Xenophon, using Socrates's speeches, emphasizes the moral virtues of citizens and their freedom.
Ibn Khaldun (1332- 1406)[7] was a Muslim historian born in North Africa (in present-day Tunisia) whose ideas, though not rediscovered until the 19th century, preshadowed modern ideas in historiography, sociology and economics. His best known book is "Muqaddimah "Prolegomenon" [8] Khaldun was the first to understand the important interaction of forces between society and the economy.[9]
In his Prolegomena (The Muqaddimah), he outlined the different fields of knowledge, in particular the science of civilization (al-'umran).
Ibn Khaldun was the first to systematically analyze the functioning of an economy, the importance of technology, specialization and foreign trade in economic surplus and the role of government and its stabilization policies to increase output and employment. [10]
Ibn Khaldun, moreover, dealt with the problem of optimum taxation, minimum government services, incentives, institutional framework, law and order, expectations, production, and the theory of value.
For Ibn Khaldun, the role of the State is to establish law and order conducive for economic activities.

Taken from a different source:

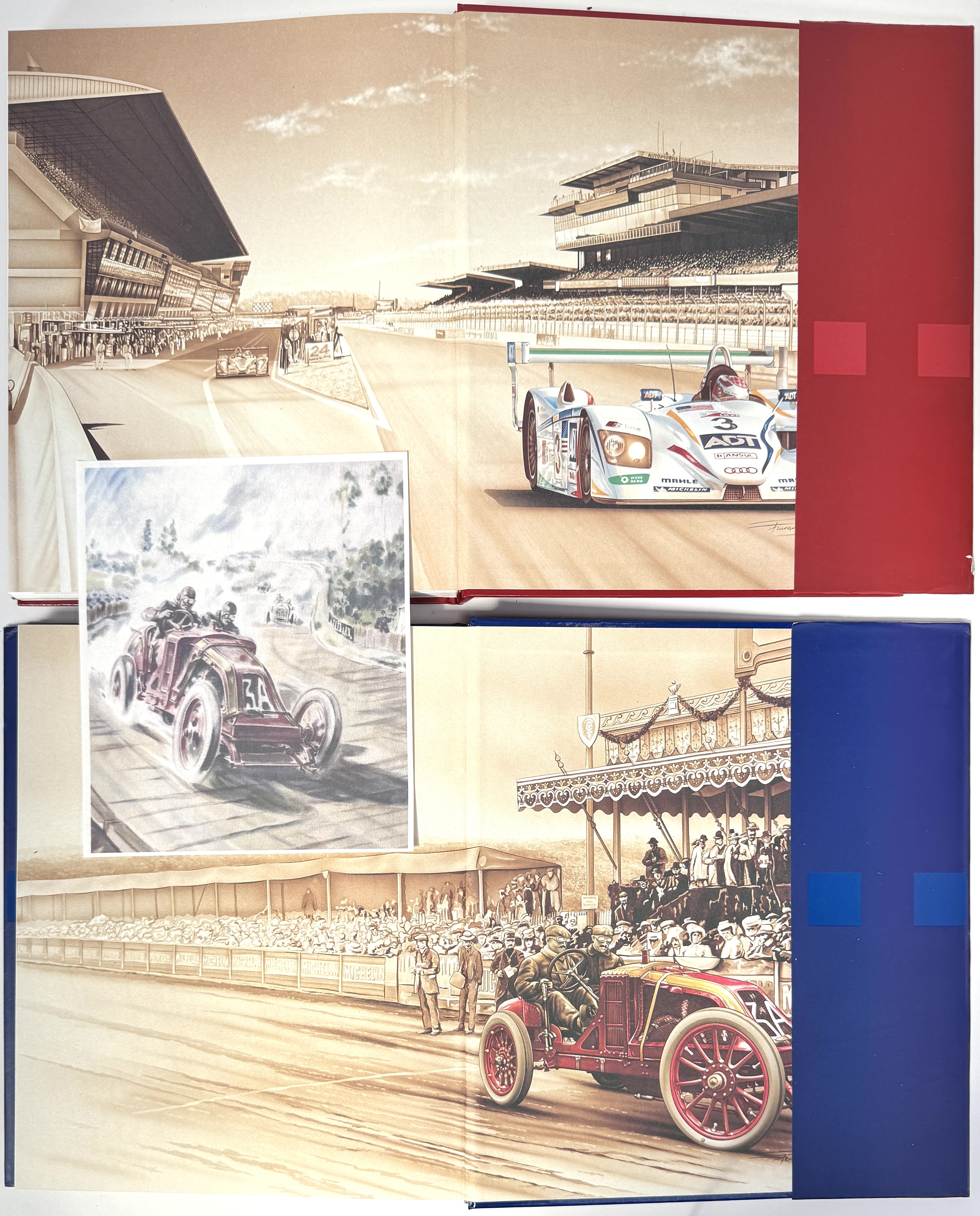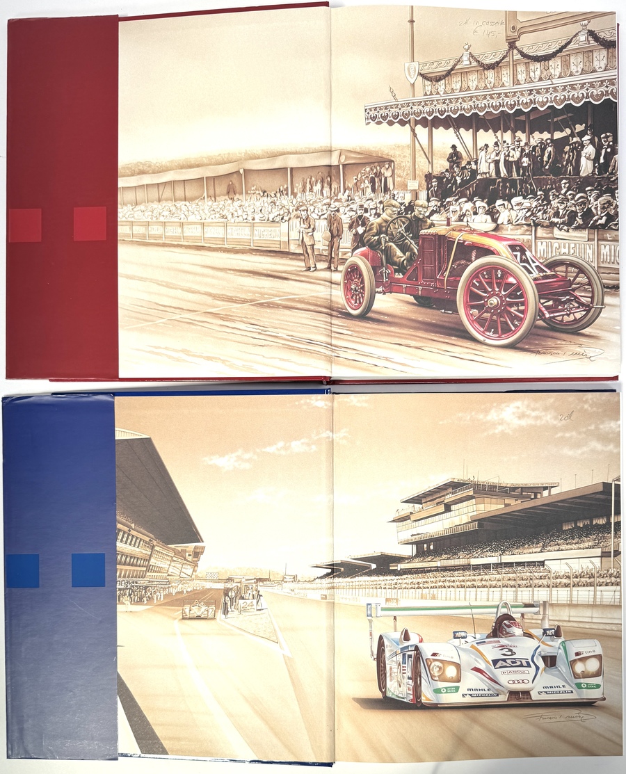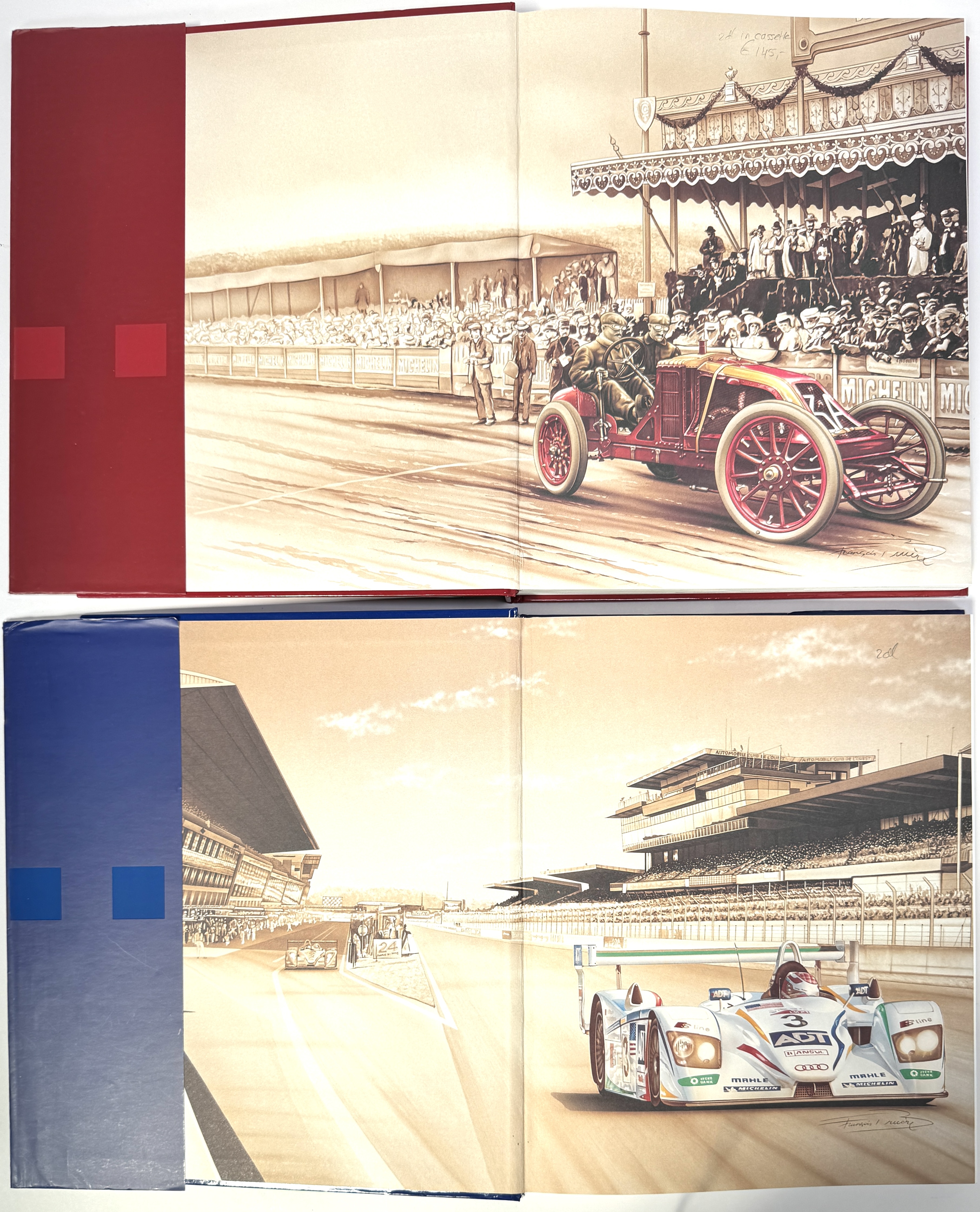 Twee hardcover boeken (gekartonneerd) met stofomslag in een cassette. Le mans, a century of passion with the Automobile Club de l’Ouest bestrijkt de periode 1906-2006. Oplage: 2500. Deze boeken zelf beoordelen? Je bent welkom op onze kijkdagen op 29, 30 en 31 augustus! |

The enforcement of property rights, the protection of trade routes and the security of peace are necessary for a civilized society to engage in trade and production.
For him "over-taxation" would occur when the demands bureaucracy and mercenary armies would expand beyond "normal" economic surplus.
For Ibn Khaldun, it is clear that "the profit human beings make is the value realized from their labor," but this value, the price of labor, is determined by the law of supply and demand.
Khaldun recognized the advantages of specialization. For him, specialization meant the coordination of different functions of factors of production where, "what is obtained through the cooperation of a group, of human beings satisfies the need of a number many times greater (than themselves)."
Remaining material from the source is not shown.